Co-operative model could mark a new blockchain-based iteration of the sharing economy
One of the phrases most commonly touted by blockchain developers is “decentralization.” The team behind Eva, “a co-operative ride-sharing application” built on the EOSIO blockchain protocol, are certainly enthusiastic about that concept. But there’s another guiding principle that seems just as fundamental to Eva and that is “localization.”
Raphaël Gaudreault, Eva’s co-founder and Chief Technical Officer, explains how localization came to take center stage. “In late 2017, Uber threatened the government of Quebec, Canada, with leaving the province if its rules were not relaxed,” he says. Along with Dardan Isufi, a fellow student of Software Engineering and Political Science who is now Eva’s Chief Optimization Officer, he began pondering the issue. They came to the conclusion that “traditional ride-sharing companies aggregate the economy at cities’ expense and disregard local regulations.”
The problem as they saw it with this segment of the so-called sharing economy was that wealth was being extracted from local markets. “These companies capture around a quarter of market share versus standard taxis, but the money is invested in capitalization in other countries. They simply aggregate the economy and delocalize it.”
Buoyed by a sense of idealism, Gaudreault, who is Quebecois, and Isufi, whose roots are in Albania, quickly assembled a multinational team of development talent — including Max Gravitt, from the US, and Merouane Benthameur, from Algeria — to find innovative solutions that redressed these flaws in ways that might, so to speak, disrupt the sector’s earlier disruptors.

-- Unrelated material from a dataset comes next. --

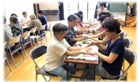
アロマハンドマッサージの様子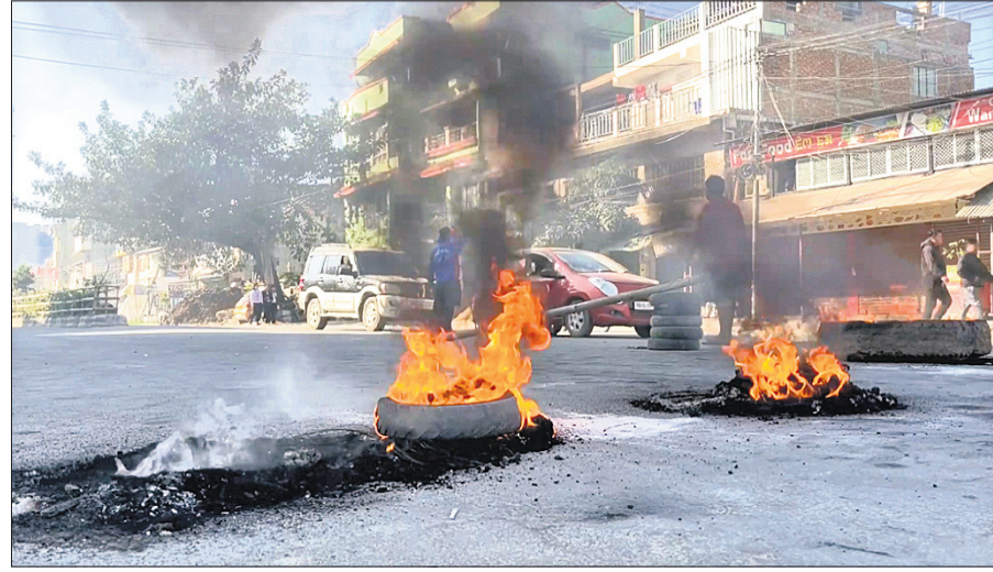
୬ ମେଇଟି ଅପହୃତଙ୍କ ମୃତଦେହ ମିଳିବା ପରେ ଶନିବାର ଇମ୍ପାଲରେ ଲୋକେ ରାସ୍ତାରେ ଗାୟାର ଜାଳି ବିସ୍ଫୋଜ କରୁଛନ୍ତି।

Eva is intended to work as a network of cooperatives based around a new relationship between driver and passenger members that removes the middleman. As the Eva website states: “The core of the project is its decentralized network, which uses blockchain technology in order to organize urban mobility on a global scale while ensuring a redistribution of the profits generated at the local scale.”
In the Eva model, 85% of each transaction goes to the driver, with the remainder being split between members of the co-operative, an ecosystem “treasury” and a foundation responsible for maintaining the network. Blockchain automates these allocations, and, according to Eva’s white paper, “improves the ability to integrate different modes of payment while ensuring an anonymous, immutable, and transparent technical protocol.”
“Eva deploys an immutable contract based on the EOS blockchain to offer an open ledger for mobility that keeps members’ data anonymous,” adds Gaudreault. By contrast, he is quick to point out, data harvested by traditional ride-sharing platforms has been notoriously leaky.
With the Eva smart contract finalized, a first Eva co-operative began operations in Montreal, in September, and a second is undergoing local registration in Toronto. The app was among those featured in the Block.one Village at the recent Blockchain Live event in London, Reddit forums have been ablaze with interest, and the team are hopeful of further launches in locations as diverse as Algiers, Pristina, Houston and New York in the near future. A new iteration of the sharing economy may well be upon us.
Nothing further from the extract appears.